プリプリ時代のことを子どもにちゃんと話したのは、3年前が初めて

 プリプリ時代の映像を見せることもあえてしなかった。別に自分の過去を否定しているわけではなく、自分の子どものころの写真を子どもにしょっちゅうは見せないのと同じ感覚でした。いずれ、どこかで私の過去を耳にするだろうし、その時に興味があれば教えてあげよう、というくらいでいました。

 そんな状況ですから、子どもたちが私が歌う仕事をしていたことを知ったのは、外からの情報です。誰かがテレビで『ダイアモンド』を歌っていたりすると、「おまえのかーちゃんの歌だなー」なんてなったりして、「え、そうなの?」ってなるパターン。子どもたちから聞かれると、「まーねー、昔ちょっとだけそういうこともしてたよー」なんて話す程度。

 実は、私が自分のことを子どもにちゃんと話したのは、3年前、プリプリの再結成のときなんです。

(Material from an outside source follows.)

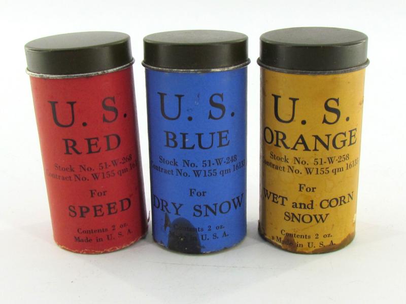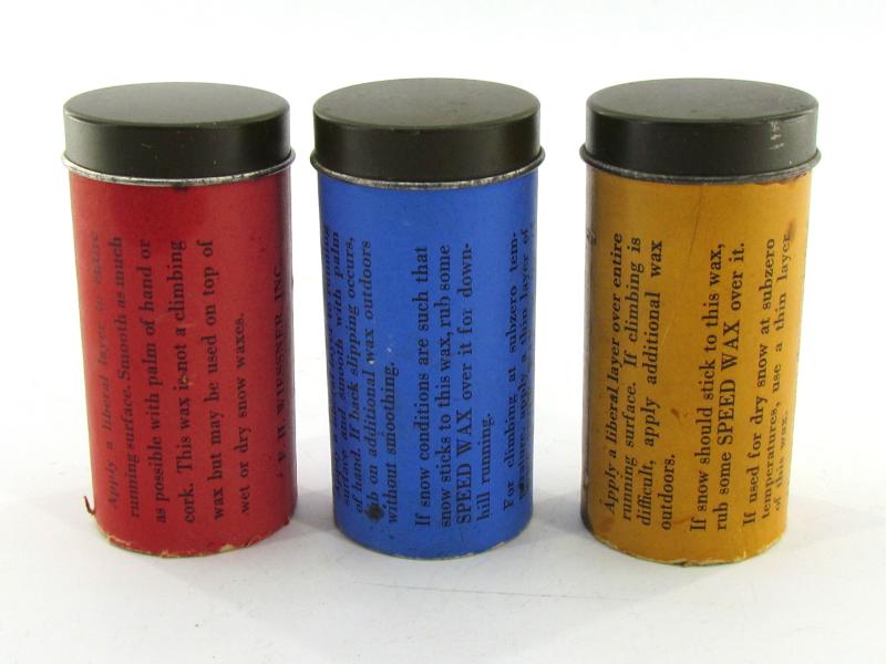 Orange ski wax for wet and granular snow, blue for dry snow and yellow for wet or corn snow, manufactured by F. H. Wiessner, Inc.
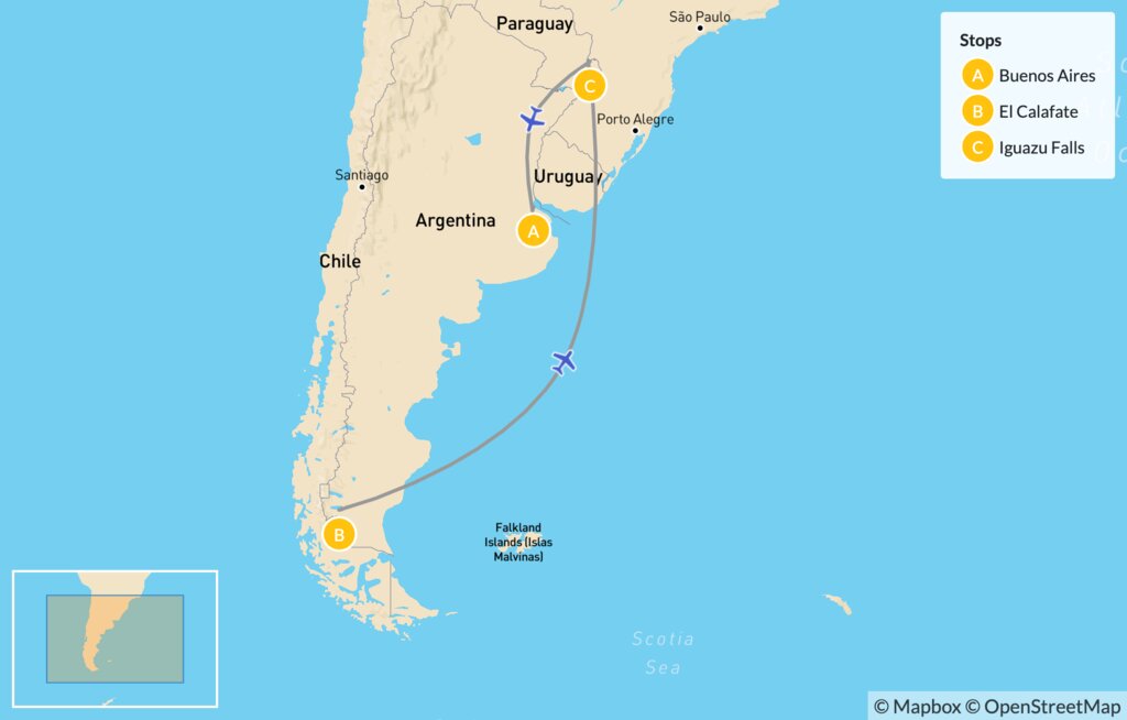 Map of Argentina for Families: Buenos Aires, El Calafate & Iguazú Falls – 7 Days

 バンドメンバーとの再結成の打ち合わせのとき、解散ツアーの最終日の映像鑑賞会をやったんです。うちの子どもも含めて。息子は主に、「これ、マジ!?」「何この服、すげーな!」。娘は「お母さん、こんなだったのー?」って。私は「あなたたちが生まれるうんと前の話だけどねー」なんて言うと、いちいち新鮮に驚いてくれました(笑)。

新曲『DREAM』へ込めた思い

 そんな子どもたちを見て思い出したのが、“抱っこひも”と“おんぶひも”。子どもが二人とも小さかったころ、リュックを前後に背負っている感じだなーと思っていました。椅子に座っていれば、上の子はおんぶして、下の子は抱っこしていたし、外を歩くときも、下の子を抱っこして、上の子は手をつないだり。ときに曲芸なみに子どもをママチャリに乗せることも。世の中のお母さんたちはそうやって、必死で子育てをやってきている。新曲『DREAM』の歌詞に「前に後ろに 愛を背負って」というフレーズを入れたのは、そんな思いからです。

 子育てだけじゃなくて、がむしゃらに走ってきた皆さんに、突っ走ってきたものが一段落したら、一度しかない人生、もう一度、自分が輝ける時間を求めてもいいんじゃない? ということを歌った曲。世の中のお母さんたちの気持ちにちょっとでも届くとうれしいです。